Chair of São Paulo state economic committee is Ana Carla Abrão, an Oliver Wyman consultant and long term advisor to Governor Doria. Emphasising how closely associated the corporate forces shaping Brazil’s pandemic response are, Abrão is married to Pérsio Arida, president of investment bank BTG Pactual, which was founded by Bolsonaro’s Finance Minister, Paulo Guedes.

Wall Street darling Guedes’ initial response to the pandemic was to claim that his ultraliberal economic reforms were the answer to the crisis, which Bolsonaro himself claimed was pure hysteria, as he came into confrontation with Governors such as Doria who contradicted his position.

It is notable that this open conflict between federal and state strategy appears to be all but over in São Paulo and Rio de Janeiro, with a push towards a loosening of already weak isolation measures winning the day.

Brazil is not without dissenting voices against this prioritising of investor interest over public health.
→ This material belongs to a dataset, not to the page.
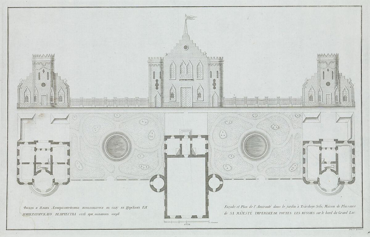 - Title: Façade et plan de l'Amirauté dans le jardin à Tsárskoye Selò...

North Eastern states continue to adopt strategies independent of federal government thinking, or lack thereof, led by the C4 group of scientists and Dr. Miguel Nicolelis and are resisting premature moves to end lockdowns.

For some time, the US business community was expressing frustration with quarantine measures in Brazil through its media. WSJ’s notorious pro-Bolsonaro editor Mary Anastasia O’Grady complained that lockdowns in the South American giant would cost lives through the contraction of economic activity, rather than help control the disease. Bloomberg has since referred to Brazil becoming a “laboratory” for what happens when the disease is allowed to spread effectively unhindered.

This comes as initially hopeful news of a vaccine being tested on the São Paulo population came with the caveat of no guarantee that Brazilians will recieve life-saving access to it.

As the economic centre and transport hub of Brazil’s south-east, the premature reopening of São Paulo could have grave consequences for the region, whilst US consulting firms behind the strategy are unlikely to ever be held accountable.

Boston Consulting Group were contacted by Brasil Wire for comment on this story, with a request for information about their workforce and role in pandemic planning in São Paulo and elsewhere in Brazil.

Update: Boston Consulting Group eventually responded on Monday 6 July:

“The Boston Consulting Group (BCG) clarifies that it carries out pro bono work for the Government of São Paulo. Due to internal confidentiality policies, BCG does not comment on the work carried out with its clients.”